Probably using repeatability:

• if in each case, when a jackdaw sits on the fence, the fence is demolished, the jackdaw is to blame;
• if in each case when a pickup crashes into the fence, the pickup is to blame.

Thus, the conclusion that the fence was demolished by a pickup is not exactly an observation, but the result of an analysis based on the observation of objects in contact.

On the other hand, the action can be carried out at a distance, for example, the action of a magnet on an iron object. How does the robot guess that moving a magnet closer to a nail causes the nail to rush toward the magnet? The visual picture is not like this:

• the magnet is approaching, but not in contact with the nail,
• at the same instant, the nail rushes to the magnet on its own initiative and comes into contact with it.

As you can see, it’s very difficult to track cause-effect relationships, even in cases where the witness declares with iron conviction that he saw it with his own eyes. Image recognition algorithms are powerless here.

VII.
Seventh and last, this is the choice of visual perception goals.

The surrounding visual picture may consist of hundreds and thousands of objects nested in each other, many of which are constantly changing their spatial position and other characteristics. Obviously, the robot does not need to perceive every blade of grass in the field, however, like every face on a city street: you only need to perceive the important, depending on the tasks performed.

Obviously, adjusting the image recognition algorithm to the perception of some objects and ignoring others will not work, as it may not be known in advance what to pay attention to and what to ignore, especially since current goals can change along the way. A situation may arise when you first need to perceive many thousands of objects nested in each other - literally each of them - to analyze and only then issue a verdict which objects are essential for solving the current problem and which are not of interest. This is how the person perceives the world around him: he sees only the important, not paying attention to uninteresting background events. How he succeeds is a secret.

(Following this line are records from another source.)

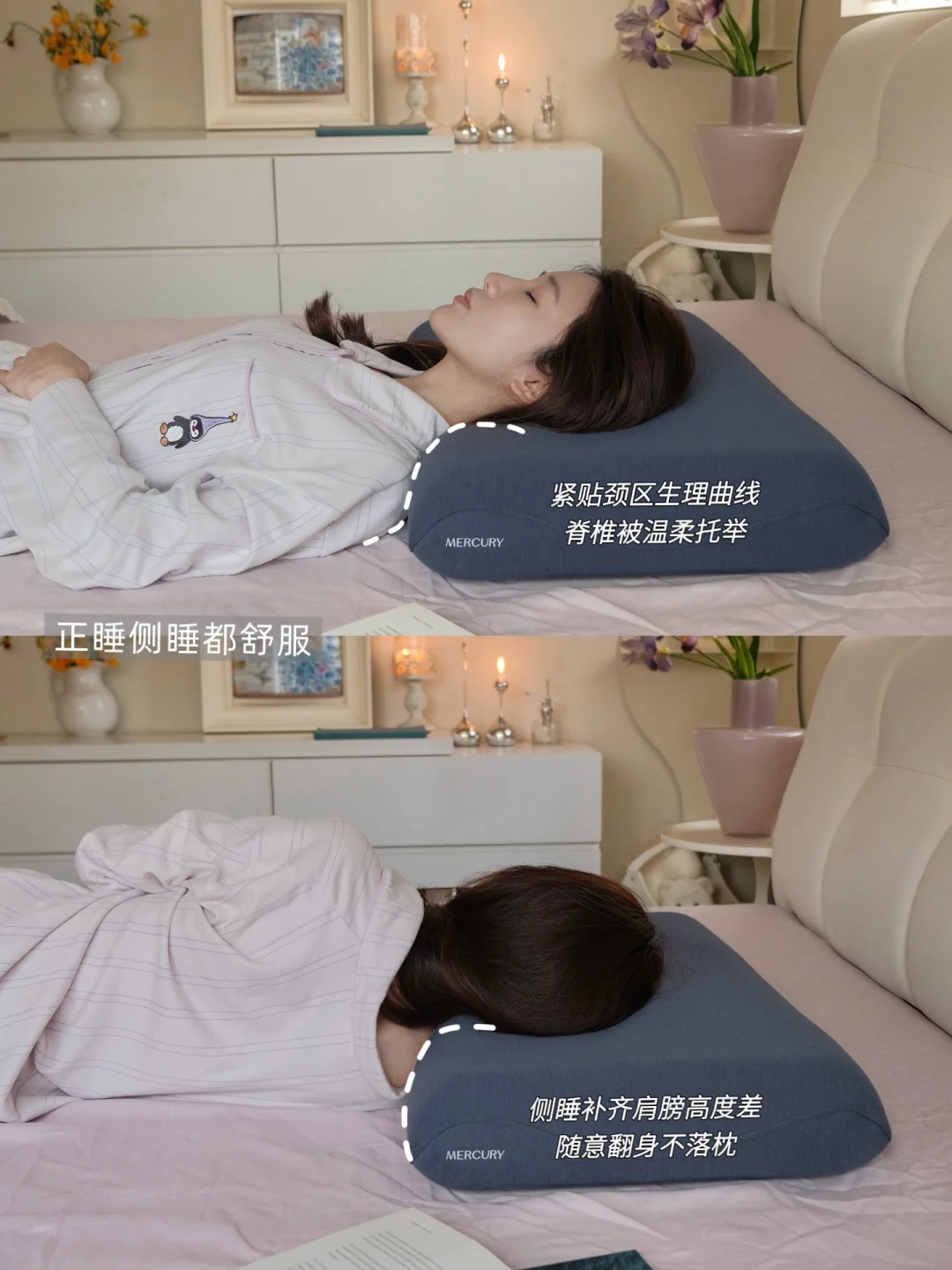 无论我怎么翻身,头颈肩都能紧紧贴合枕头
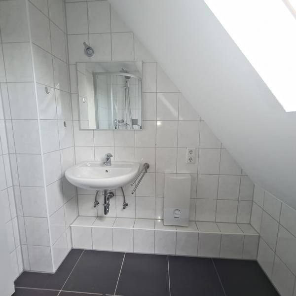 - Aufteilung obere Ebene: großer, heller Wohn-/Schlafbereich; Duschbad mit Fenster; Abstellkammer, nutzbar als "begehbarer" Kleiderschrank
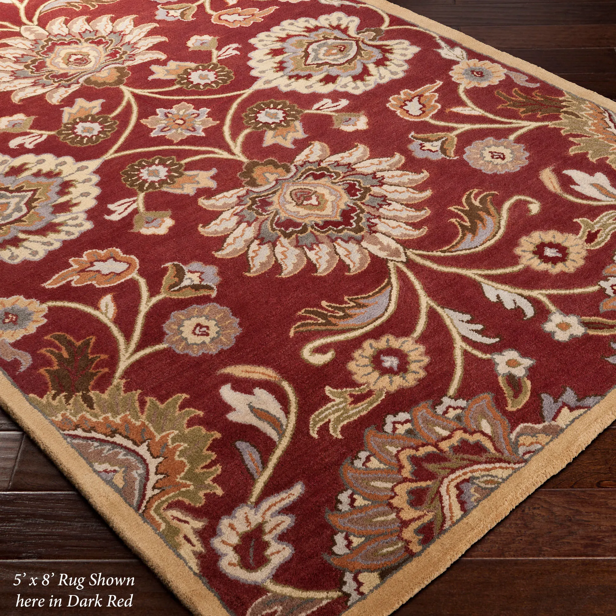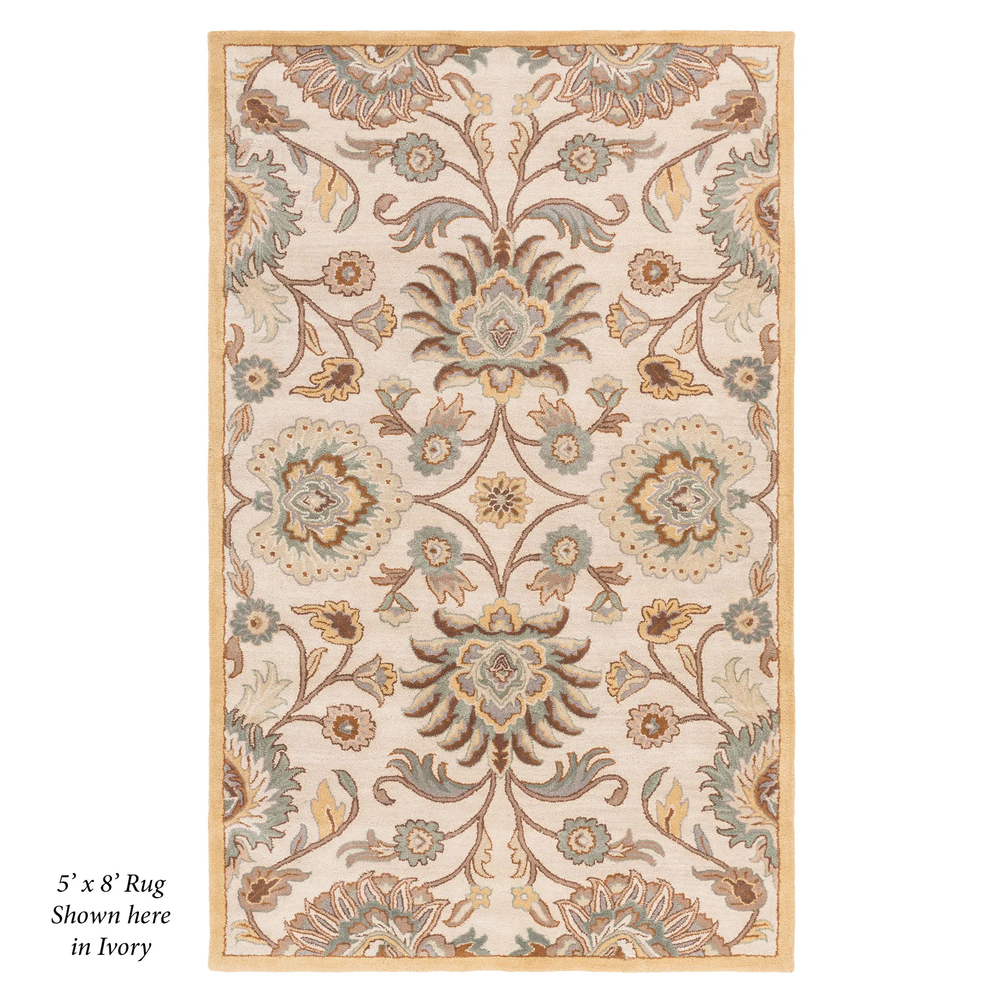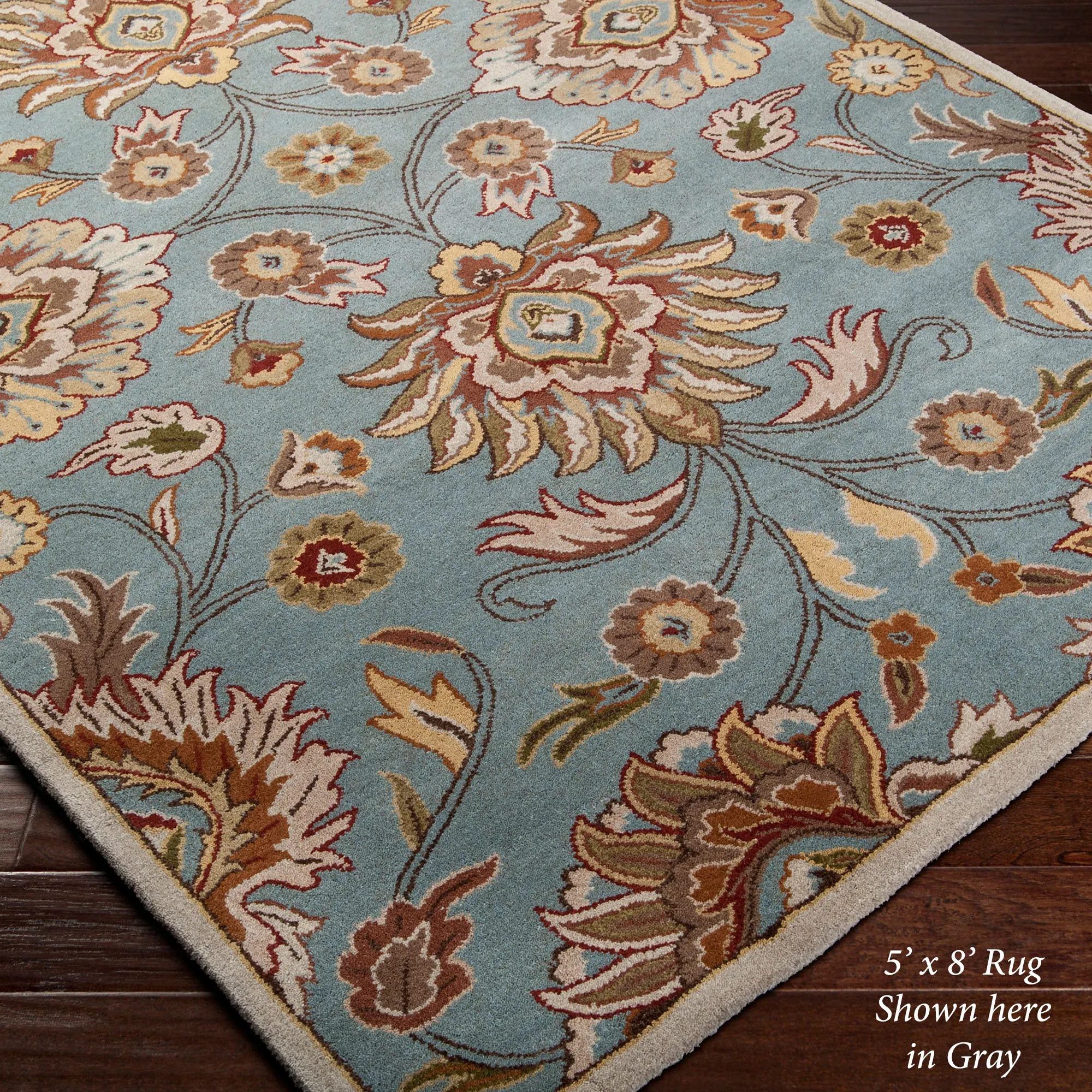 A traditional Jacobean floral design blooms across the Caesar Rug. Hand-tufted wool area rug is .87" thick and has a cloth-covered latex backing. Ivory includes shades of ivory, medium gray, tan, brown, lavender, burnt orange, and charcoal. Dark Red includes shades of dark red, tan, mustard, brown, wheat, black, burnt orange, olive, and gray. Gray includes shades of gray, burnt orange, olive, tan, brown, and brick red. Tan includes shades of tan, blue, brick red, gray, pale blue, olive, and wheat. We recommend professional cleaning by a rug cleaner. Made in India.
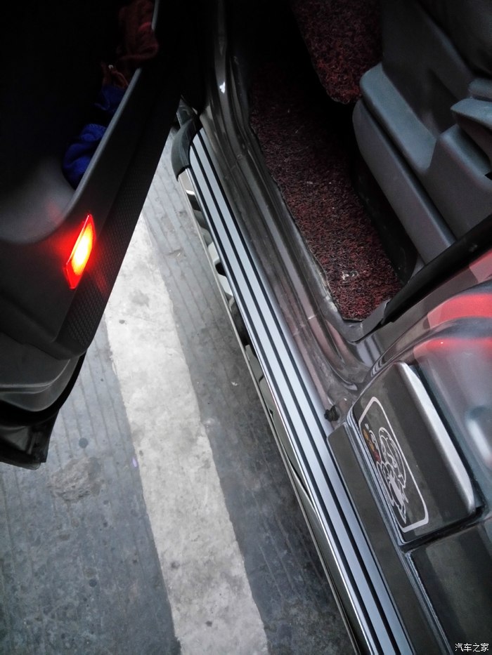 一来家里老人和小孩上车也方便一点,二来还可以保护侧边的钣金。朋友中有二个就是没看到石头搞变形中门那里,造成中门不好关!
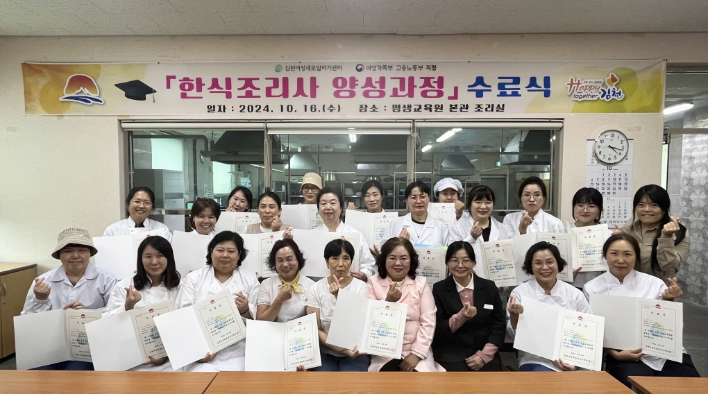 | 김천시평생교육원 여성새로일하기센터에서는 지난 10월 16일 교육원 본관 1층 조리실에서 한식조리사 양성과정 수료식을 끝으로 2024년 직업교육훈련 과정을 모두 마무리했다.
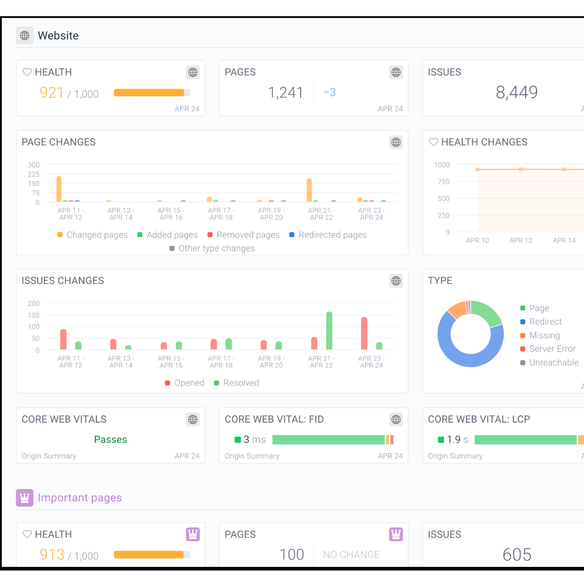 Maximize your impact at scale with intelligent monitoring that instantly prioritizes pages and opportunities based on business importance.
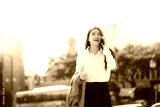 A businesswoman stands outdoors amidst a vibrant city, smiling while using her smartphone.
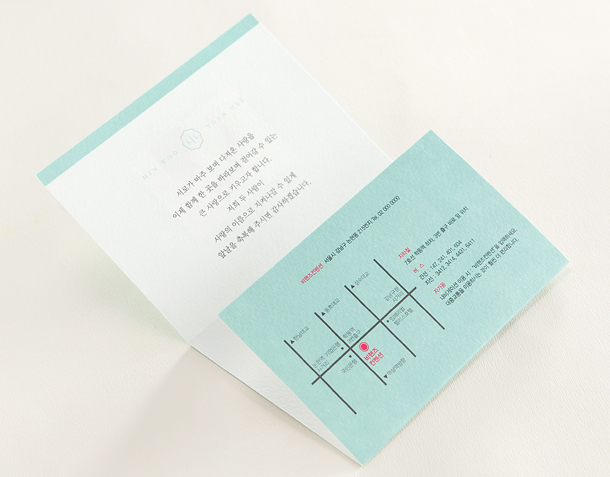 • 6. 청첩장은 앞면을 더 크게 제작하기 때문에 접었을 때 뒷면이 더 짧게 보여요.
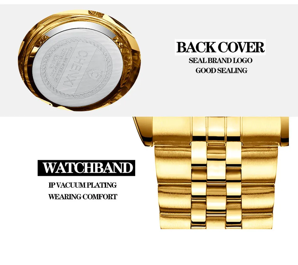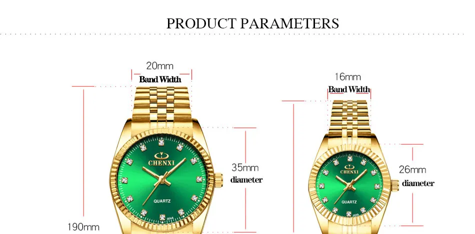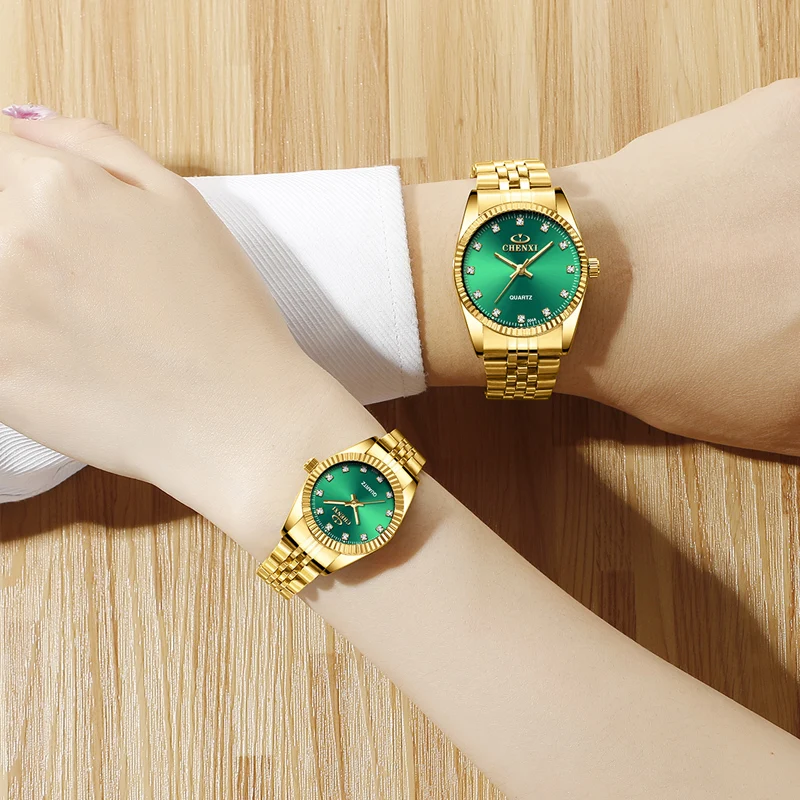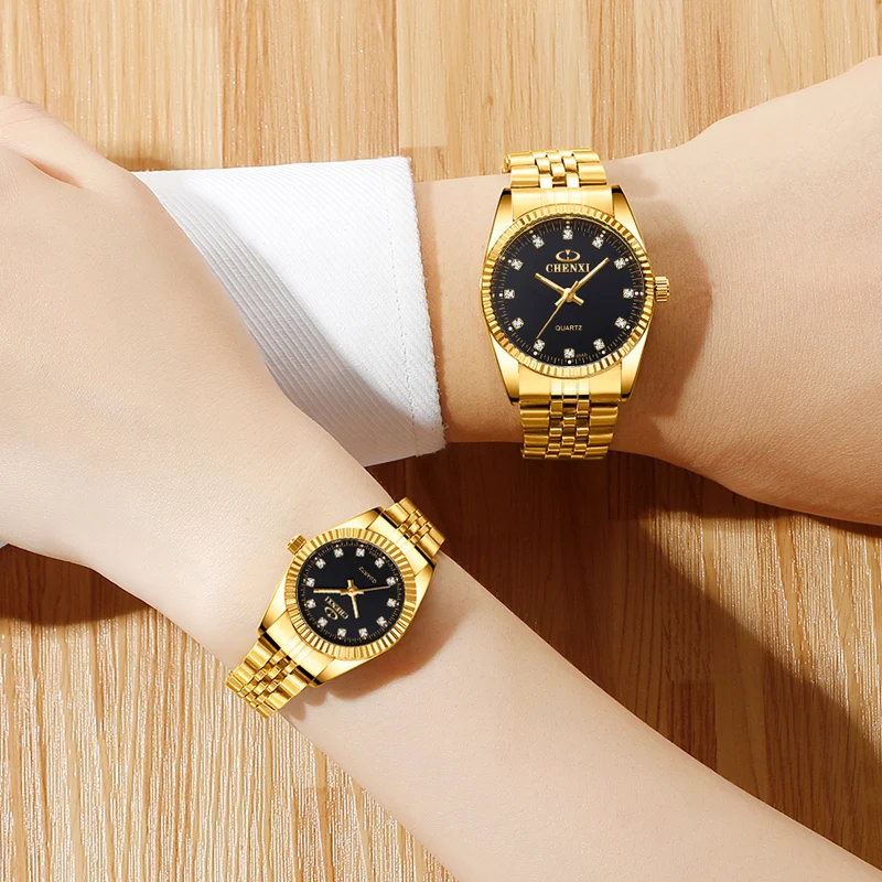 Часы наручные CHENXI для влюбленных, брендовые водонепроницаемые деловые кварцевые золотистые, для мужчин и женщин, роскошные
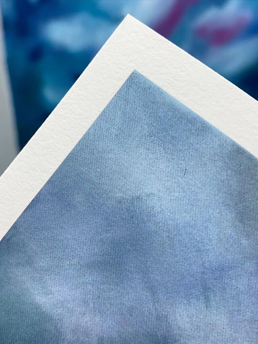 Each piece is professionally printed using giclée techniques on Hahnemühle Photo Rag (308gsm) a softly textured, matte paper made from 100% cotton. It’s museum quality and captures all the painterly detail and layered depth of the original artwork.
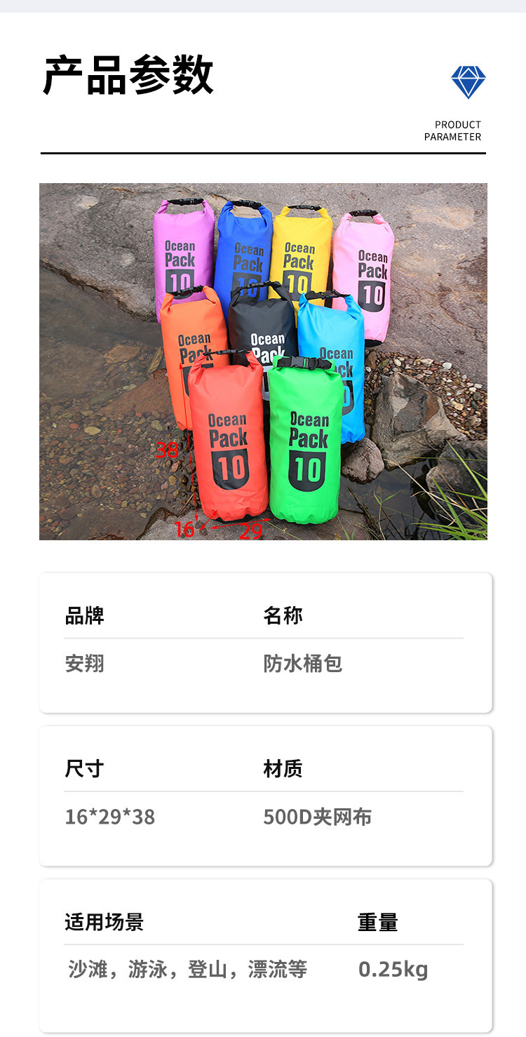 공장 직공급 야외 5L 방수 가방 여행 장비 스노클링 수영 가방 500D 메쉬 플로팅 백 방수 버킷 백
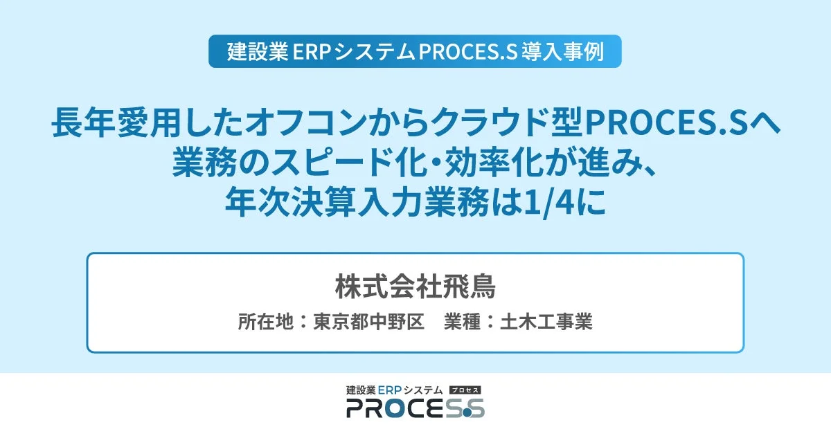 株式会社飛鳥、建設業ERPシステム「PROCES.S」導入で決算業務が1/4に短縮
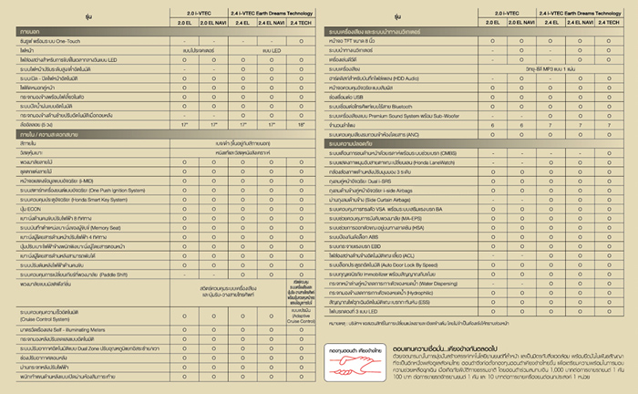 *อุปกรณ์มาตรฐานแตกต่างกันในแต่ละรุ่น
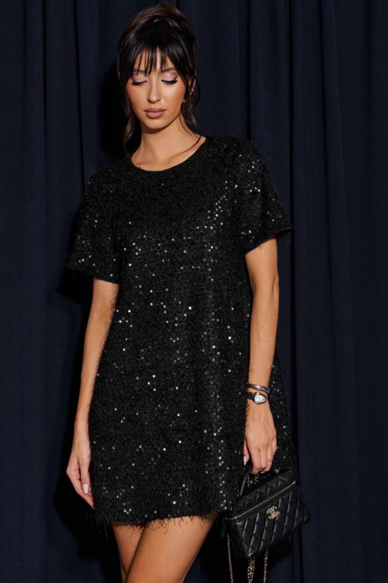 Платье свободного силуэта. Выполнено из фактурного ворсистого полотна с пайетками в черном цвете. Горловина овальная, рукав втачной, застежка на петлю пуговичку на спинке, рукав втачной, есть подкладка.
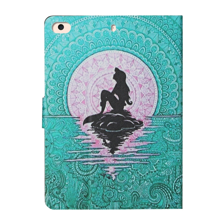 For iPad Mini 4 / 3 / 2 / 1 Colored Drawing Pattern Horizontal Flip Leather Case with Holder & Card Slots & Sleep / Wake-up Function(Mermaid)
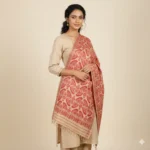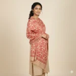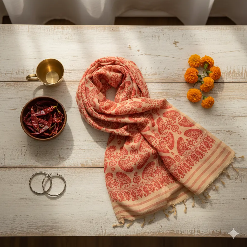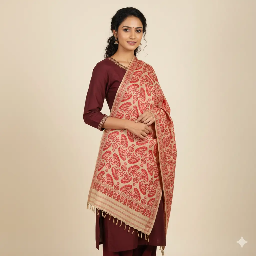 Unfold stories of tradition with the Crimson Mandala Drape. Inspired by mandala artistry, this shawl features a rhythmic pattern of semi-circular blooms and delicate latticework, all handwoven in earthy tones of red and beige. Lightweight, stylish, and deeply rooted in culture

And the robot, even equipped with the most modern and ingenious image recognition algorithms? .. If, during an attack by Martian aliens, he starts a report with weather reports and continues with a description of the new landscape spread out in front of him, he may not have time to report the attack itself.

conclusions

1. Simple recognition of visual images will not replace human eyes.
2. Image recognition algorithms are an auxiliary tool with a very narrow scope.
3. For the robot to begin not only to think, but to at least see humanly, algorithms are required not only for pattern recognition, but also for the same full-fledged and yet unattainable human thinking.